Visit the Los Angeles studio of renowned artist Charles Gaines


The courtyard includes an olive grove and a fountain.

“There was an existing brick building and a small annex structure, but it turned into a pretty big intervention,” says Tolkin. “We redid the volumes, cleaned things up and built the connection, which is now the conference room.”

The results are spacious and flooded with natural light, thanks to the northern exposure and existing skylights.

The main space has been cheekily nicknamed the “Great Hall” because it reminds Gaines of a large space in a royal palace. The Drawing Room is a “clean” enclosed space for the production of works on paper, which must be isolated due to the delicacy of the materials and the precision of the production. Other spaces include a conference room, gallery, offices, and upstairs a separate space for Gaines, something he hasn’t had since the early days of his career.

A painting by Caroline Kent hangs in the conference room.

Choose color palettes for tree paintings.

The gallery in particular quickly became an integral part of his practice. “I can now hang my work in an open space and sit and live with the pieces,” explains the artist. “My work is system-based and I don’t live with my works while they’re being produced. You only see fragments up to a point where everything comes together. So I needed a place where I could spend some time living unhindered.

The artist’s archives can now be kept on site as well. “Before, I didn’t know where anything was! Gaines shares with a smile. “There is now access because everything is organized. The Hauser & Wirth team considers it an archaeological discovery, as the discovery of a lost civilization!

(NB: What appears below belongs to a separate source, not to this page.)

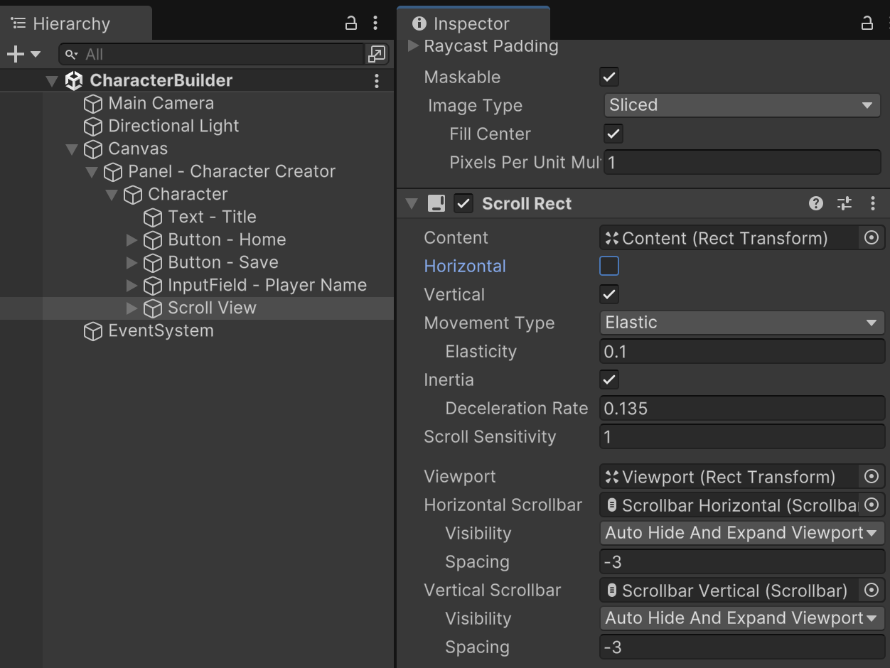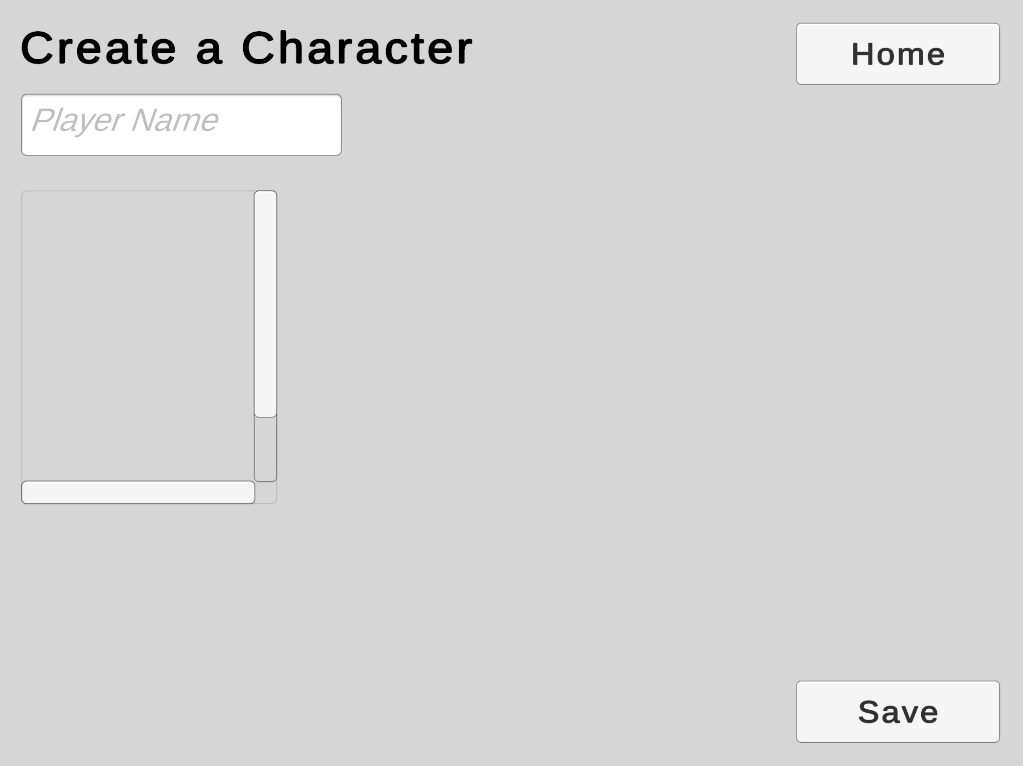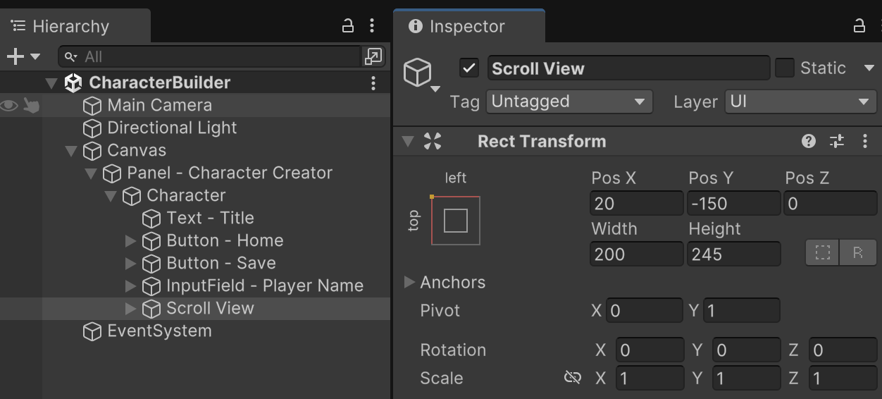 Add a UI Scroll View as the next child in the Character menu hierarchy. Anchor it top-left positioned below the player name input field.
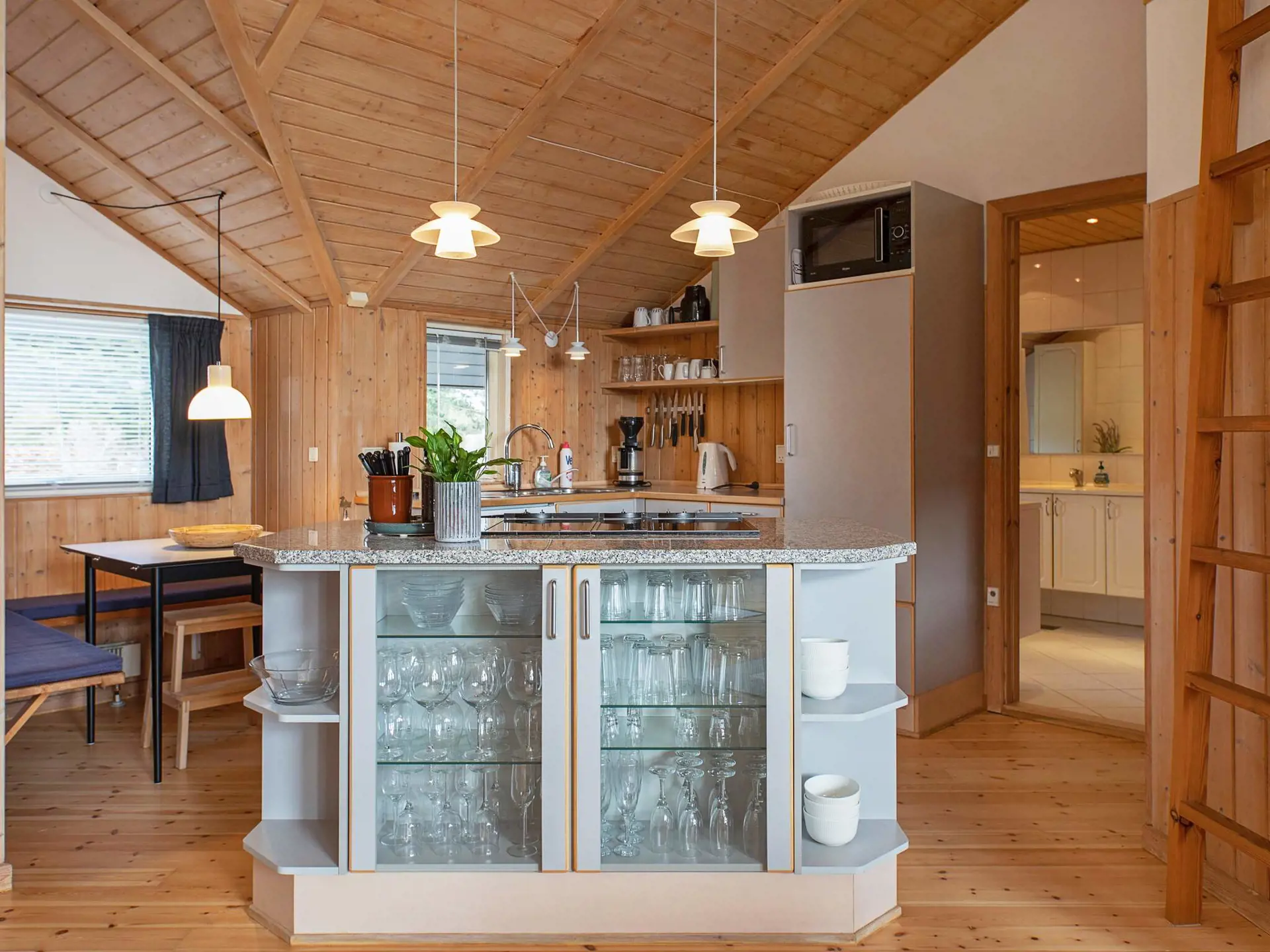 Vom gemütlichen Wohnbereich hat man schönen Ausblick zur teils überdachten Terrasse und weiter zum sonnigen Rasengrundstück. Die offen integrierte, helle Küche ist u.a. mit Cerankochfeld, separatem Backofen, Abzugshaube, Mikrowelle, Geschirrspüler und Kühlschrank mit Gefrierfach ausgestattet. Zudem gibt es nebenan im Schuppen einen zweiten Kühlschrank. Im Haus wurde auch eine energieeffiziente Luft-Luft-Wärmepumpe installiert, um so das Haus stromsparend und somit klimafreundlicher erwärmen zu können. Sie haben Zugriff auf WLAN, Blu-ray Lautsprecher sowie TV mit Chromecast für eigene Streaming-Dienste. Außerdem zwei helle Badezimmer mit Dusche. Es stehen im Haus drei Schlafzimmer mit jeweils zwei Schlafplätzen sowie Kinderbett und Hochstuhl für die Kleinen bereit.

The finishing touches have just been made earlier this year: a grove of olive trees and a fountain in the inner courtyard. “I wanted to simulate a Mediterranean garden,” says Gaines, who enlisted landscape designer Wade Graham to help make that vision a reality. Graham notes that “since it is in the historic LA River bed and in an old area of ​​vineyards and orchards, there was excellent soil under the concrete for the olive trees to thrive.” In this new environment, they – and the artist – certainly did.